Malita Investments plc - Interim Directors’ Statement

Friday, November 16th, 2012

On 16 November, Malita Investments plc issued its maiden Interim Directors’ Statement following the listing of its shares on the Malta Stock Exchange on 7 August.

The statement explained that during the first ten and a half months of 2012, the Company acquired the real rights over the sites of the Malta International Airport and the Valletta Cruise Port by virtue of two transfer contracts entered into with the Government. In consideration for this acquisition, the Company issued 68,108,064 new ordinary ‘A’ shares to the Government of Malta.

The Company also acquired a 65-year temporary emphyteusis over the new Parliament Building and the Open Air Theatre for a premium of €82 million and a revisable ground rent of €100,000 per annum. To fund these obligations, the Company issued 30 million ordinary ‘B’ shares to the general public at €0.50 each.

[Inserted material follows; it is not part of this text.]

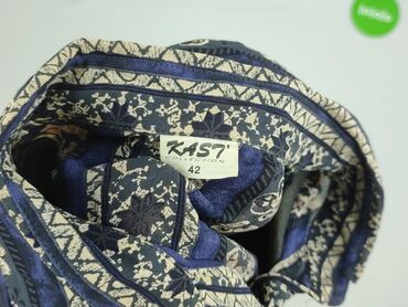 - Krój: klasyczna koszula z kołnierzykiem, długie rękawy zapinane na guziki przy mankietach, zapięcie na guziki z przodu

During the period under review, the Company also managed to conclude a €40 million loan from the European Investment Bank (EIB) split into a €25 million loan for 20-years and a €15 million facility for 25 years. This loan was fully drawn down on 1 October 2012.

The Directors noted that the financial results of the Company for the first 9 months of 2012 are in line with the Company’s expectations. Moreover, the Company plans to shortly publish its nine-month results which will be the first financial results publication for Malita as a publicly listed company.